The number of cells was a limitation in earlier spreadsheets but the 65536 rows now available allows for at least some limited language response. The random number function refreshes with each entry so that a more life-like interaction can be achieved by linking a rand() function to a cell such that the value changes to an integer drawing randomly from a set of response words/phrases. The final worksheet example ‘the crashing bore’ shows what can be done using commands to parse the input string, a look-up to identify key words, another lookup to match responses to those words, and a random function to prevent the same answers reappearing.   More complex interaction could be achieved by constraining user input to specific questions like “how much”, “where is” etc, using weightings, and pattern-correlating against the input string. Graphics can make the ‘chatterbot’ answer-machine interaction seem more life-like or appropriate (like HAL9000 the computer from 2001: A Space Odyssey).

Download the Excel Files

Please click here to download the Excel Workbook for Teachers [this file is 9MB, so give it sometime to download]
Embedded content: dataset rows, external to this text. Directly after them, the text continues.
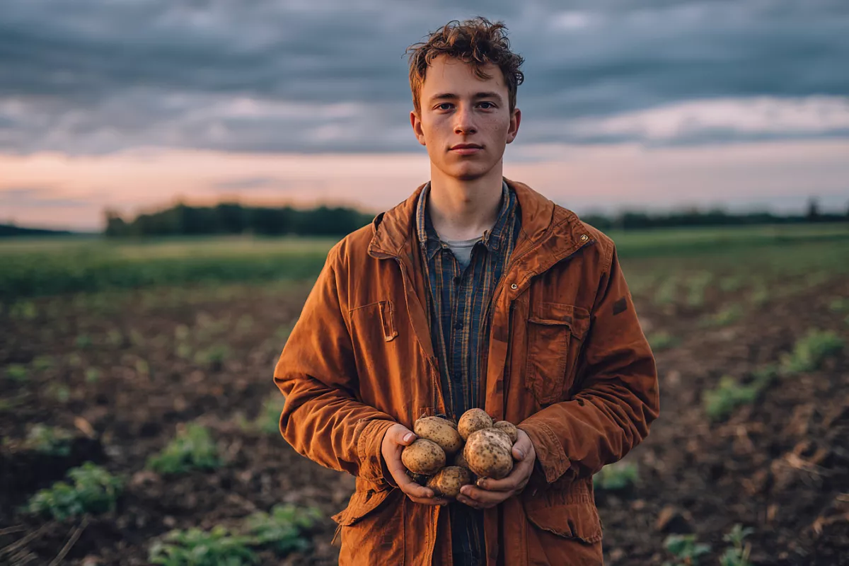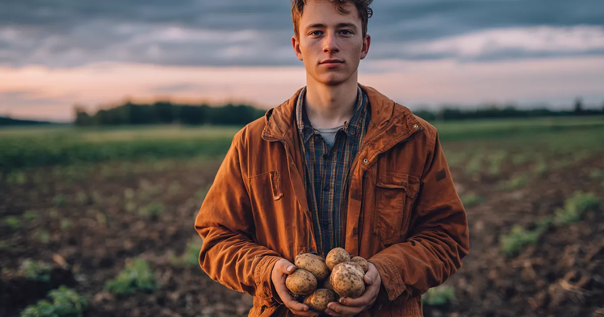 «Очень трудно поместить в руку», — говорит Евгений Кардин, показывая клубень размером с кулак. Его семья собрала 730 кг картошки с сотки. Без двух окучиваний, без химии, с минимумом трудозатрат. И всё это — в жарком климате Курганской области, где картофель обычно вянут ещё до цветения.
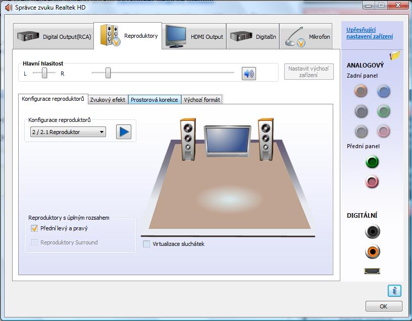 ovšem ten správce zvuku co máš ofocený z XP tam je trochu jinej.
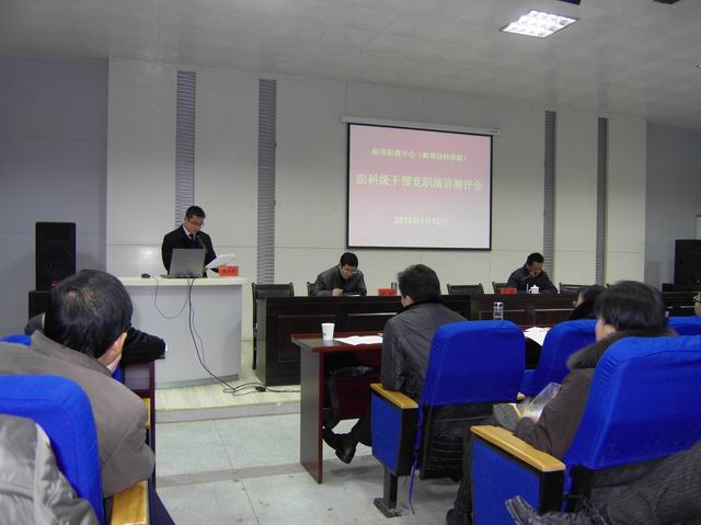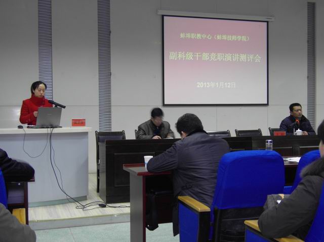 2013年1月12日下午1:30,我校副科级干部竞职演讲测评会在多功能报告厅举行,校教代会代表、校领导、主管部门部分领导等79位评委参加了测评会。校党委书记胡业武主持会议。
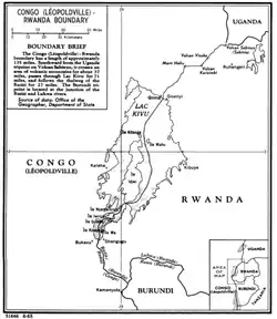 The border between the countries of Rwanda and the Democratic Republic of the Congo is 221 kilometers long.[1] Crossing Lake Kivu in its entirety through the Virunga Mountains down to Mount Karisimbi, it divides the cities of Goma/Gisenyi and Bukavu/Cyangugu. In 1885, Leopold II, King of the Belgians personally claimed the Congo Free State (later as the Belgian Congo), a vast territory in Central Africa, and it became his personal colony. The city of Léopoldville (present-day Kinshasa) was named in his honor. After the Berlin Conference led by the German chancellor Otto von Bismarck in Berlin, the German East Africa was a larger territory of Germany, and Kigali was later established as a German administrative center in 1907. During the First World War, the Belgian Congo led by the Force Publique invaded the German territory in East Africa that launched an offensive of Tabora in 1916 as the Germans were forced to surrender their territory to the Belgians. After the war, the League of Nations formalized the Belgian administration of Ruanda-Urundi through a "Class B" mandate in 1922. On 30 June 1960, after the Belgo-Congolese Round Table Conference in Brussels, the Congo finally achieved independence from Belgium. On 1 July 1962, with the Rwandan Revolution as well as the abolition of Kigeli V Ndahindurwa as Mwami of Rwanda had concluded, Rwanda also gained independence from Belgian rule as the "Republic of Rwanda". With Mobutu in power as the dictator of Zaire from 1971 until his overthrow in 1997 with the First Congo War, following the Rwandan genocide that has providing refuge and support to Hutu militia and elements of the defeated Rwandan army who had participated in the genocide. In October 1996, Laurent Kabila's AFDL, with support from Rwanda, launched an offensive in eastern Zaire against the Mobutu dictatorship. In 1997, as they steadily gained ground, capturing key towns and advancing towards the capital which later forced Mobutu to flee on 17 May by heading for exile in Morocco where he later died in September that same year.[2][3]
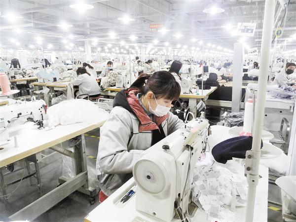 2月26日,商水縣阿爾本制衣有限公司的員工正在生產(chǎn)車間加工服裝。商水縣在嚴(yán)格做好疫情防控的同時,又做好企業(yè)復(fù)工復(fù)產(chǎn)工作。目前,該縣10家大型企業(yè)和6個扶貧車間有返崗人員3萬多人。喬連軍攝
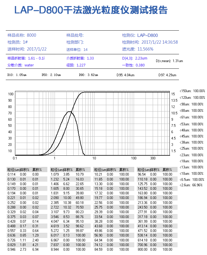 LAP-D800激光粒度分析儀主要性能特點:
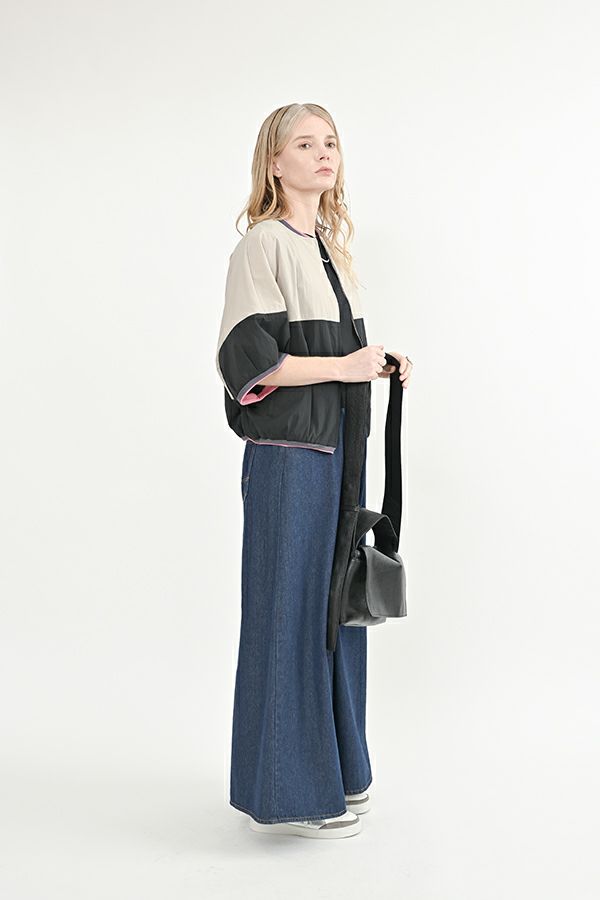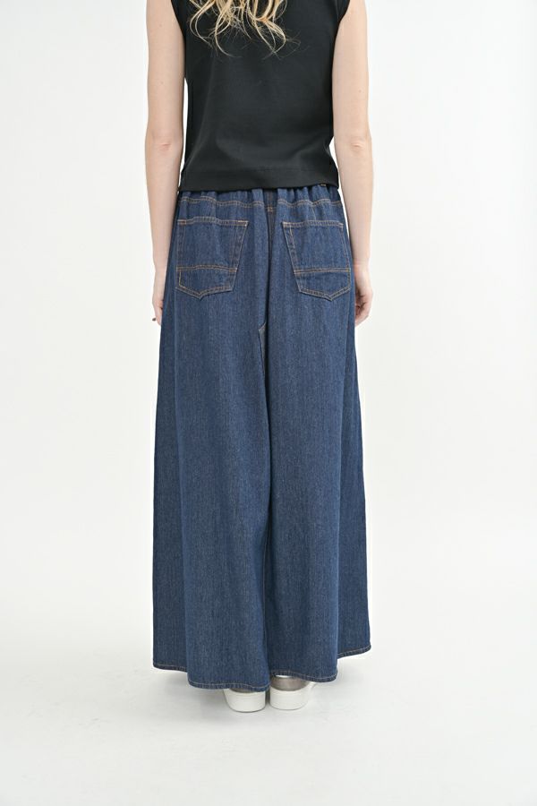 前から見るとワイドパンツ、後ろから見るとAラインスカートになっているデザインパンツ! 後ろはゴム仕様になっているのでラクチン!なのにオシャレ!! 股下にステッチが入っているの為、生地が足の動きに付いてくるので、自転車に乗った時に車輪に巻き込まれる可能性も軽減されます。
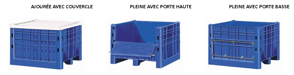 Caisses palettes en PEHD, disponibles en version Pleine ou ajourée, avec ou sans couvercle et roulettes.
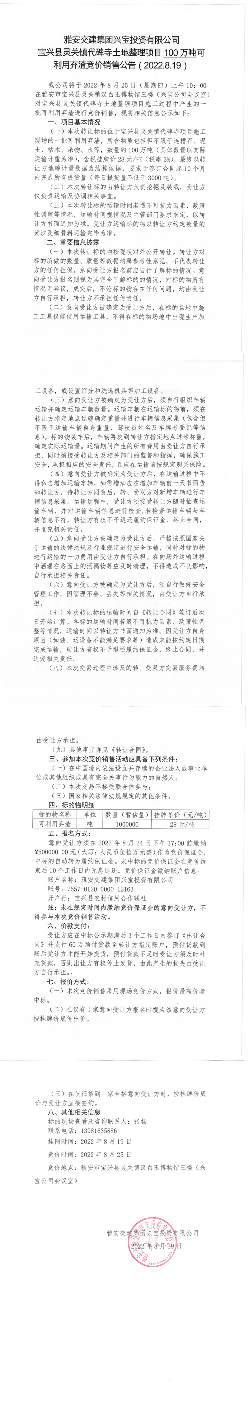 雅安交建集團(tuán)興寶投資有限公司靈關(guān)鎮(zhèn)代碑寺土地整理項目10萬噸可利用棄渣競價銷售公告(2022.8.19)(1)
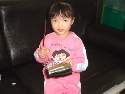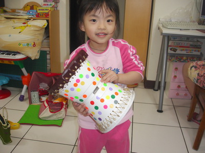 小潔把非洲鼓貼得花花的。

Also, Tom made a simple Excel skills test. Click here to download and test your Excel skills.

Thank you Tom

A big thanks to Tom for sharing this valuable work with all of us. I have already learned some good tricks from his workbook (creating image slide-show thru charts+scroll-bar, running formulas on click of button, using contour charts etc.). I am sure you too will find some interesting areas of application or learn some valuable things by examining his workbook.

If you like this workbook, please say thanks to Tom.

Also, if you are teacher, please share your experience of using Excel in teaching effectively.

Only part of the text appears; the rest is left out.